Best to start the day with a laugh.  Here from Mock The Week with commercials that never aired.  Enjoy!

Thursday, January 26, 2012

Tense Tarmac Moment

Governor Jan Brewer of AZ greeted President Obama as he stepped off Air Force One in Phoenix, AZ yesterday, and handed him a letter before engaging him "intensely" for several minutes, including pointing her finger at him, according to ABC News.  The discussion was apparently over her book, "Scorpions for Breakfast: My Fight Against Special Interests, Liberal Media and Cynical Politicos to Secure America's Border," in which she describes an Oval Office meeting with President Obama in 2010 in rather unflattering terms. 

Please feel free to disagree with the President.  But as the leader of our country, has he not earned the respect not to have a finger pointed in his face?  Or have someone state on the radio that "I thought he was kind of a dick yesterday", or have a reporter interrupt his speech with a loud "you lie!"?  Why on earth do we allow our president to be treated that way?

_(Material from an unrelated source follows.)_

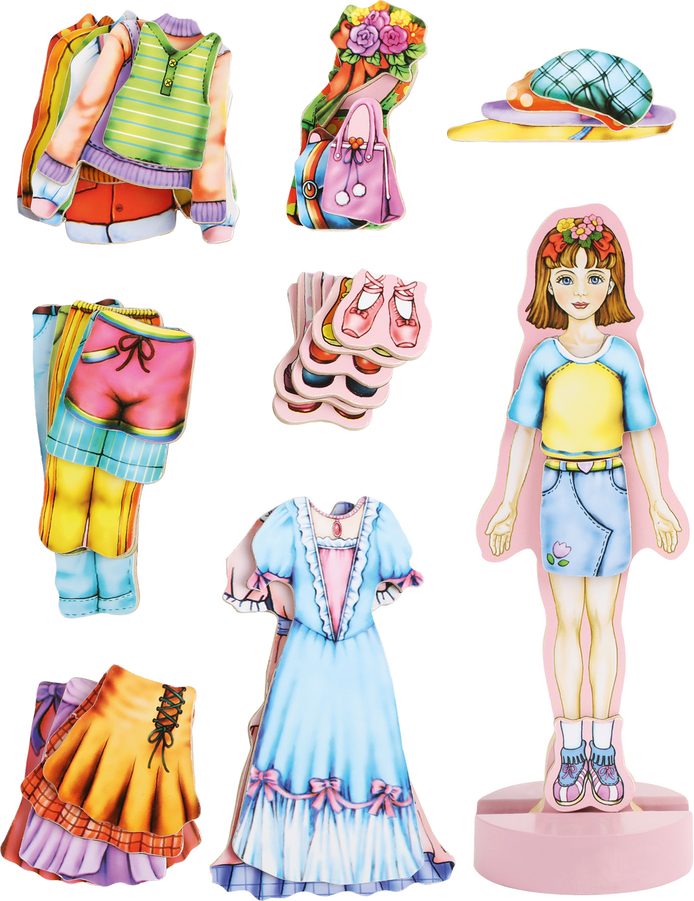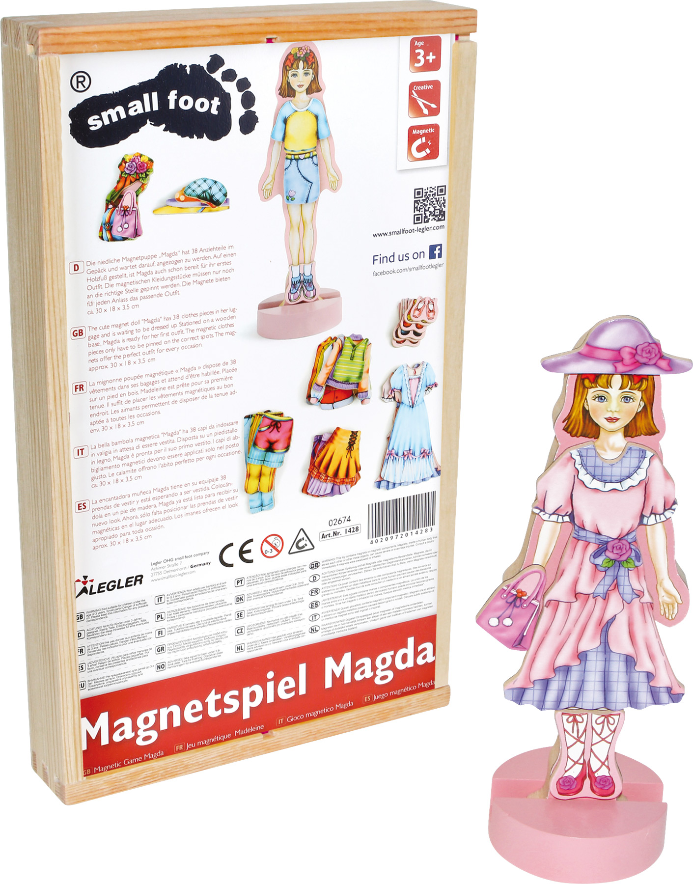 La jolie poupée magnétique « Madeleine » dispose de 34 vêtements dans ses bagages et attend d´être habillée. Placée sur un sopport en bois, Madeleine est prête pour sa première tenue. Il suffit de placer les vêtements magnétiques au bon endroit. Les aimants permettent de disposer de la tenue adaptée à chaque occasion. La petite Madeleine est une poupée tout à fait différente des autres – on la met sur un pied en bois et l‘habille avec des habits aimantés toujours de façon différente! Pantalons, chaussures, chemises, robes et jupes – elle a toujours la meilleure tenue pour le gala, la plage ou les loisirs! « Coller » tout simplement les habits sur la poupée et voir ce qui est à la mode!

Obama is not the first president to be ridiculed and disrespected.  His predecessor George Bush, heard it too. But to my recollection, not as publicly, and not so "in his face".  However, he certainly endured quite the collection of demeaning posters in demonstrations, ridiculing internet posts and critique in media and Congress. Ringo's Pictures posted this collection of pictures from the Bush era.  President Bush also endured being booed  during his 2004 State of the Union address as well as at Obama's inauguration.  Really? We booed the president? Even after comparing him to Hitler and Osama Bin Laden?


I am all for free speech, but that does not mean we should forget common courtesy and manners. How do we expect other countries to respect the US and it's president, when we so publicly show that we have no respect for our own leaders.  I certainly hope this was the end of inappropriate behavior and comments towards President Obama, and that we going forward can learn to treat the President and his office with the respect he deserves. Or as Debbie Hines stated in her post last year about this issue,  "I do hope that more people will come to the defense of the office of presidency and the man in the office...(...)...  I was always taught that if you don’t respect yourself, no one else will. As Americans, we need to respect our president and the office of the presidency, as others abroad do."

Monday, January 23, 2012

Say Yes to the Dress

One of my favorite shows to watch with my daughter is "Say Yes to the Dress" on TLC.  That and "Four Weddings".  We critique the dresses, their taste, the weddings, venues and food, pick our favorites and cross fingers that our picks are the winners.  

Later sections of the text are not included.